Todavía hay quien recuerda cómo una mañana salió a
la calle con su entrenador, atiborró de dinero a
un taxista para que estuviese a su servicio sin
chistar y se detuvo luego junto a un viejo
lustrabotas de plaza Constitución, con el sombrero
ladeado cubriéndole a medias la cara corroída por
incontables golpes. Entonces, se dice, lanzó un
puntapié contra el cajón del lustrabotas y
diseminó las pomadas y los frascos de tinta en
mitad de la calle, mientras el pobre hombre
farfullaba sin hablar. Después, rompió
furiosamente el hato de veinte diarios que le
quedaban a un canillita, y esperó a que toda la
plaza estuviese pendiente de él para gritar, con
la voz más fuerte que pudo:
—¡Soy el gran
Gatica!
Y cuando la gente se arremolinó a su
alrededor, entregó un bultito de billetes, mil o
dos mil pesos, al viejo y a la criatura que habían
soportado su desplante.
No sólo quería que los
demás lo vieran desquitarse de la miseria. Era a
sí mismo, al Mono solitario entre la muchedumbre,
a quien estaba ofreciéndole el espectáculo de un
rey poderoso.
Pero este Gatica que se afanaba
en proteger a los desconocidos era también capaz
de hundir en el abandono a su madre y a sus hijos.
Se sabe que aquella mujer que lo arrastró en un
tren de carga desde Mercedes debió recurrir a la
justicia para que José María aceptase alimentarla
y vestirla. No es eso todo: Erna, su primera
mujer, la que había empezado como bala humana en
un espectáculo del viejo Parque Japonés, exhibió
muchas veces, delante de médicos o no médicos, los
rastros de la furia descargada por un Mono que no
quería detenerse ante nada.
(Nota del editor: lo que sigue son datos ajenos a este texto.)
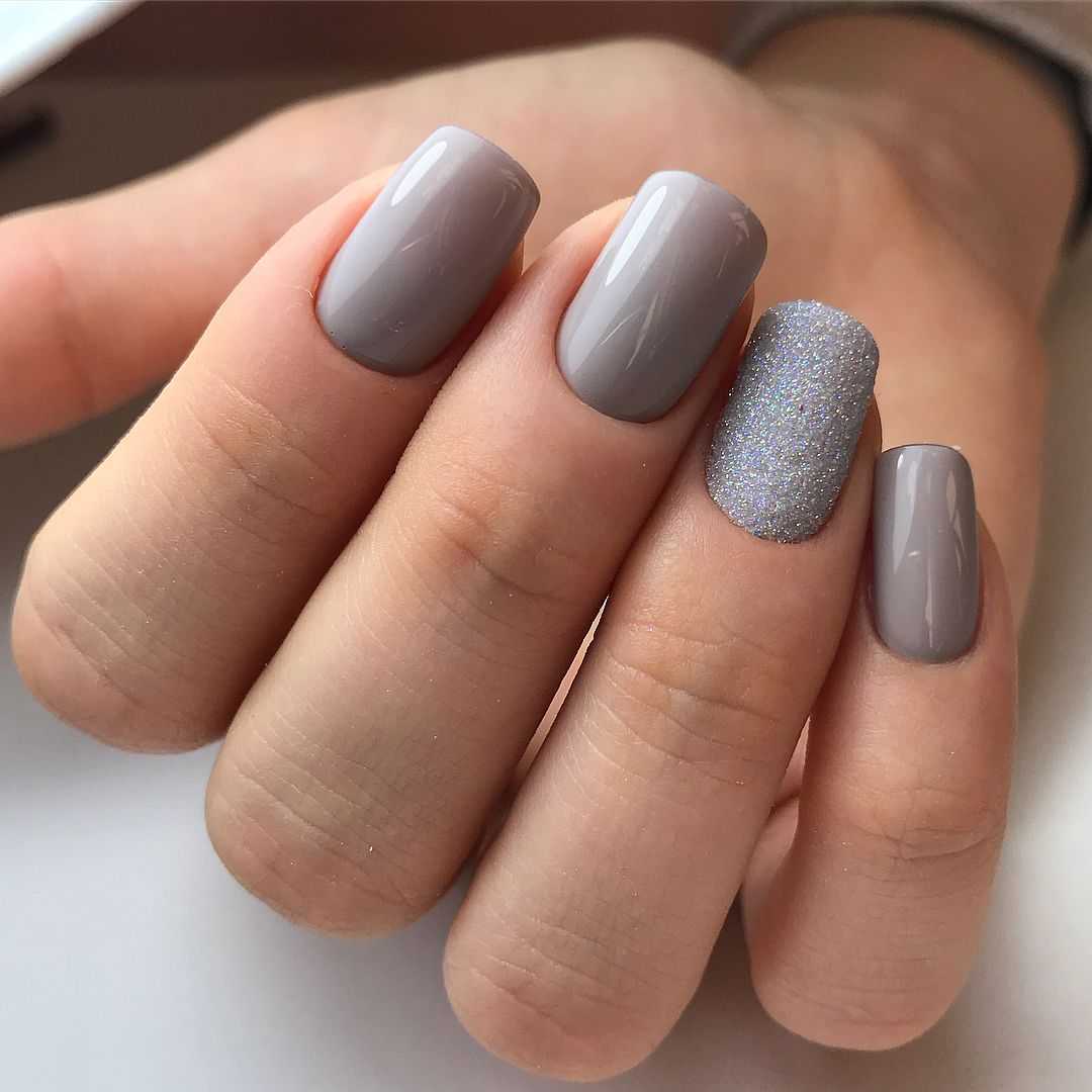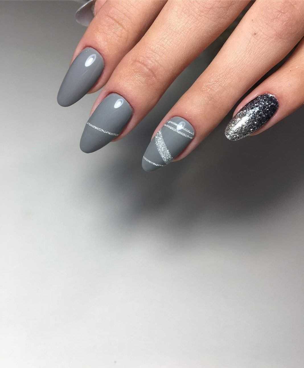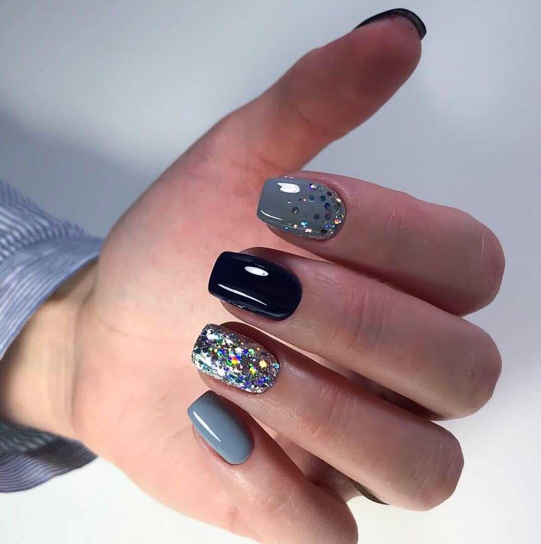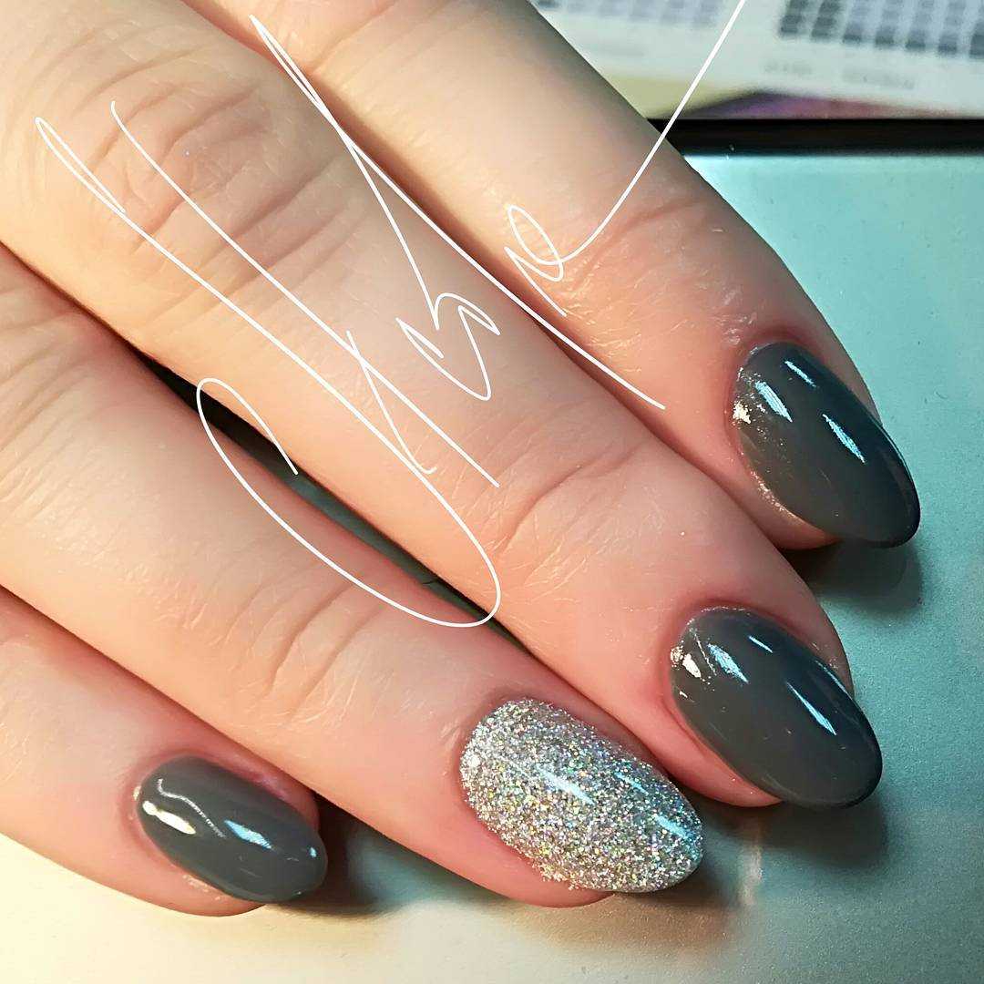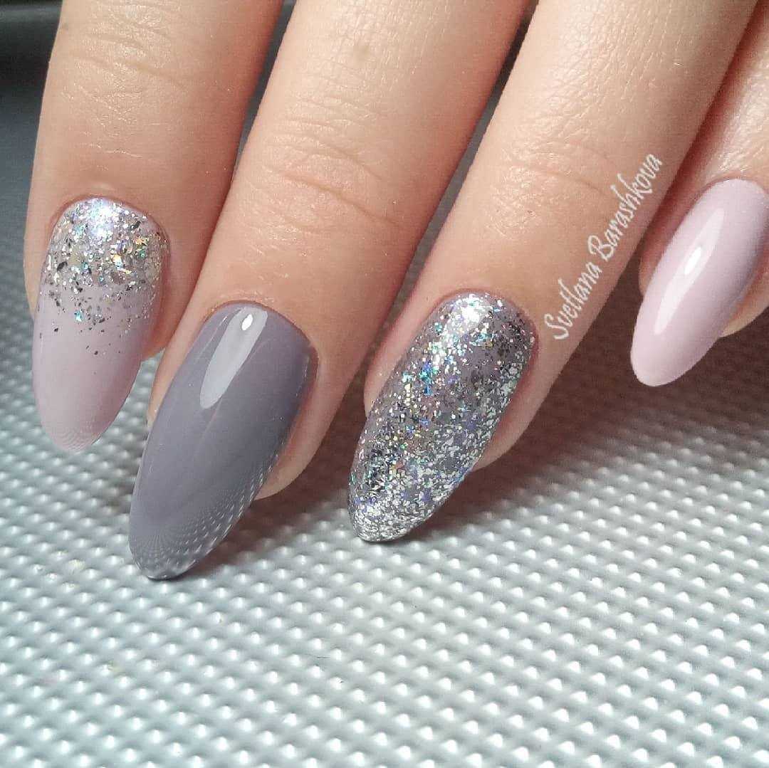 Модные идеи серого нейл-дизайна с блёстками

Fue entonces cuando
Lito Más, un redactor de La Razón, resolvió
ponerlo al descubierto en sus crónicas. Pero
Gatica se encrespó, hizo oír su ira hasta en la
Casa Rosada ("En esa época —dice Más—, era el
bufón de la pareja gobernante"), y no se detuvo
hasta conseguir el despido de su ofensor.
La debilidad del fuerte
La avidez por
deslumbrar ya estaba carcomiéndolo. Noche tras
noche, en un club nocturno u otro, desperdigaba
sus millones y los sumergía en tumultos de
champaña y whisky, reservándose una botella para
sí solo, algo que nadie pudiera disputarle. Hacia
las dos o las tres de la mañana, golpeaba
furiosamente las manos hasta silenciar a la
orquesta; entonces, dispersando a las parejas que
bailaban, solía decir: "Quédense todos quietos.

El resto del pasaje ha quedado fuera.